▶ Source material:

---*---

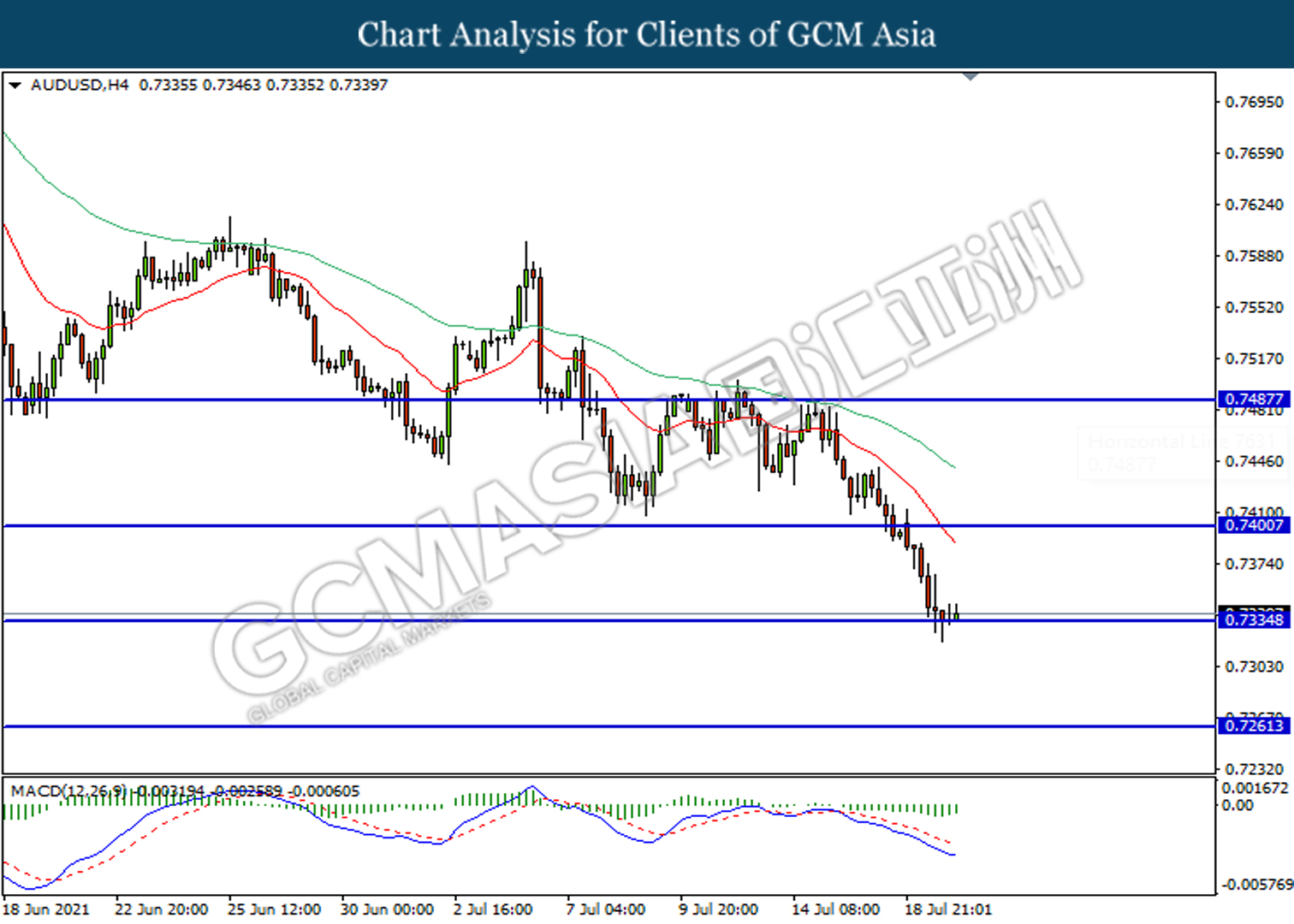 AUDUSD, H4: AUDUSD telah didagang dengan lebih rendah selepas ia berundur dari paras tingginya. MACD yang memaparkan isyarat bearish mencadangkan harganya untuk meneruskan kerugian selepas pemecahan berlaku di tahap sokongan tersebut.
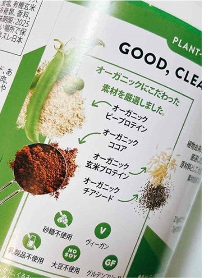 オーガニックプロテイン「Orgain」は、ピープロテイン(えんどう豆のたんぱく質)・玄米プロテイン・チアシードなど、厳選された原材料をバランスよく配合し、オーガニック認証を受けたプラントベースのプロテイン※4です。プラントベースの食生活を心がける方の栄養補給をサポートします。
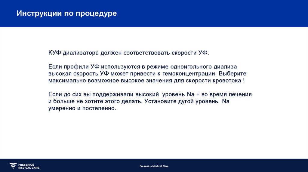 Инструкции по процедуреКУФ диализатора должен соответствовать скорости УФ.
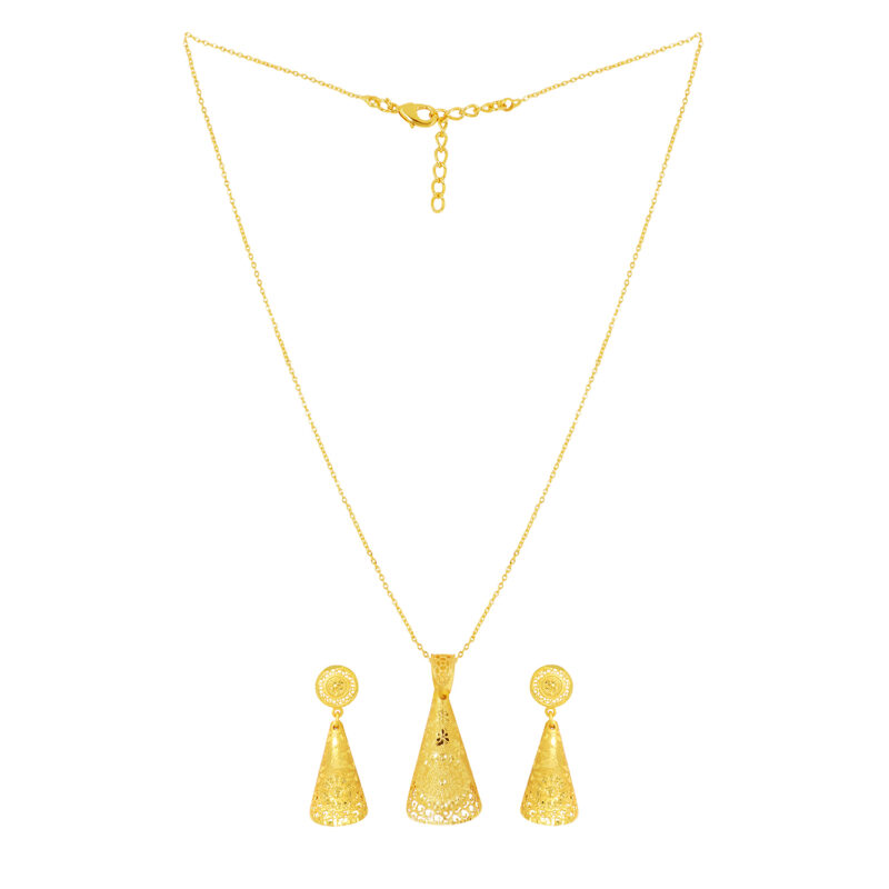Cone Drop Antique Gold Pendant Set with Circular Tops

---*---

▶ What the task asks:
When you reach a picture, pass over it; write out all other material exactly.

▶ Answer space:
 AUDUSD, H4: AUDUSD telah didagang dengan lebih rendah selepas ia berundur dari paras tingginya. MACD yang memaparkan isyarat bearish mencadangkan harganya untuk meneruskan kerugian selepas pemecahan berlaku di tahap sokongan tersebut.
 オーガニックプロテイン「Orgain」は、ピープロテイン(えんどう豆のたんぱく質)・玄米プロテイン・チアシードなど、厳選された原材料をバランスよく配合し、オーガニック認証を受けたプラントベースのプロテイン※4です。プラントベースの食生活を心がける方の栄養補給をサポートします。
 Инструкции по процедуреКУФ диализатора должен соответствовать скорости УФ.
Cone Drop Antique Gold Pendant Set with Circular Tops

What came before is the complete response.